You're saying that the difference is mainly on the syntax of code and variable declaration?

So, I'm going to give it a try . If it's easy to learn, C# will become my second programming language.


----------



## FordGT90Concept (Nov 26, 2008)

In colleges, all they teach anymore is VB.NET and the more advanced classes (programming majors) focus on the transition from VB.NET to C#.NET.  The transition is virtually painless so that's why they do it (all the .NET libraries are directly compatible).  C#.NET is also a good stepping stone to the C++ world of coding although I haven't ventured that far--C# suits me needs.

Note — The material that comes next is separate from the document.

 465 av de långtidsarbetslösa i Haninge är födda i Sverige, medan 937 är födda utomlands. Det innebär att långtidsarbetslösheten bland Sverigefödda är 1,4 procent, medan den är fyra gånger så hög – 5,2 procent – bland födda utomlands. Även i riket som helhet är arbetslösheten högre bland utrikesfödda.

Yeah, it's mostly sytax differences...but there's a lot of them.


----------



## mdm-adph (Nov 26, 2008)

Well, if you know Java, C# isn't too hard.

Seriously, I took one look at it and went, "Now isn't that cute -- Microsoft's made their own Java.  Aww...."

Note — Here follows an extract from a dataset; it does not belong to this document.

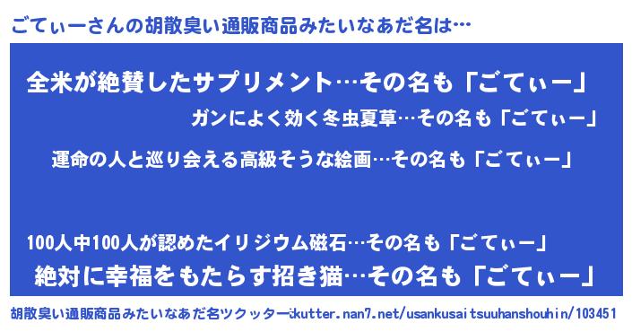| 欧米人風あだ名 | 『ごてぃークリステル』 |

Can't be any _worse_ than Java, at least.


----------



## FordGT90Concept (Nov 26, 2008)

It's sooooo much better than Java.  Java's libs are e'ffin pitiful.  .swing? .awt?  .?  Moreover, it is murder to perform the simplest task like halt one form while information is input in another.  And Event handling is simply dreadful.  Java == Epic Fail.

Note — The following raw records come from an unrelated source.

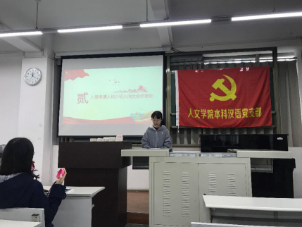 大会的第二项是申请人和介绍人依次向大会作报告。4名预备党员从思想、工作、学习生活等方面向同志们报告了自己在预备期的表现,特别是在思想政治上取得的进步,表达了希望按期转为正式党员的意愿。5名发展对象谈了自己对于党的认识,汇报了成为入党积极分子以来的思想状况,从实际出发,从小事出发,从内心出发,展示了自己对党的忠诚和热爱,表达了渴望成为党员的意愿。联系他们的入党介绍人也对他们的思想、品质、经历和表现向大会作出了负责任的报告。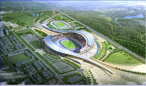 2014인천아시안게임 주경기장 조감도. 인천시의 재정문제로 주경기장을 비롯한 경기장이 계획대로 완공되지 못할지도 모른다는 지적이 나오고 있다. 이에 대해 대회 조직위는 “주경기장은 공정률 85%로 4월까지 개장하는 데 문제가 없다”고 밝혔다. 사진제공|인천아시아경기대회 조직위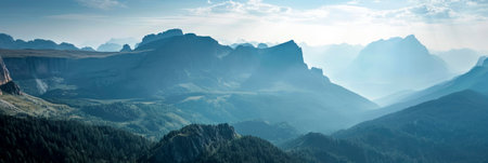 panoramic view of the forests and mountains of the Dolomites, Italy.

J#.NET was what Java needed to be but, because C# is wildly successful while J# isn't, J# got the can.  C# isn't going to die any time soon.  In terms of start to finish in development, I have never seen something so fast.  C# and specifically, the .NET framework, is a godsend.


----------



## Dark_Webster (Nov 26, 2008)

I didn't found it as hard as i thought it would be. Here's an example of what i made:
(Nevermind the name of the objects being in portuguese...)


```
namespace App_Teste
{
    public partial class FormTeste : Form
    {
        public Int64 xis;
        public FormTeste()
        {
            InitializeComponent();
        }

        private void FormTeste_Load(object sender, EventArgs e)
        {

        }

        private void BotãoComeçar_Click(object sender, EventArgs e)
        {
            Temporizador.Enabled = true;
        }

        private void BotãoParar_Click(object sender, EventArgs e)
        {
            Temporizador.Enabled = false;
        }

        private void Temporizador_Tick(object sender, EventArgs e)
        {
            DateTime data;
            data = DateTime.Now;
            LabelDataHora.Text = Convert.ToString(data);
        }

        private void BotãoAlterarCor_Click(object sender, EventArgs e)
        {
            DialogoAlterarCor.ShowDialog();
            this.BackColor = DialogoAlterarCor.Color;
        }

        private void Sair_Click(object sender, EventArgs e)
        {
            this.Close();
        }

        private void BotãoRandomizar_Click(object sender, EventArgs e)
        {
            Random randomnumber = new Random();
            xis = randomnumber.Next(1,900);
            LabelNumeroRandomizado.Text = Convert.ToString(xis);
        }


    }
}
```

Well, going to try to convert some of my programs into C#. Thanks for all your replies .


----------



## FordGT90Concept (Nov 26, 2008)

Some pointers...

1) Use "long" instead of Int64.  C# has a lot of keywords that make variable definitions easier and they also stand out individually from direct class references.  Keywords are colored blue while classes are aqua colored.

2) 
	
	



```
DateTime data;
data = DateTime.Now;
```
Can be condensed into a single line:

```
DateTime data = DateTime.Now;
```
And if you are not ever using data besides setting the text, you can just send it straight there:

```
LabelDataHora.Text = DateTime.Now.ToString();
```

3) As seen above, you can almost always use "object.ToString()" rather than "Convert.ToString(object)."  The first does not require a reference to System, the second does.  That is, either "using System;" up at the top or "System.Convert.ToString(object)."  "Using" is the virtually the same as "Imports" in VB.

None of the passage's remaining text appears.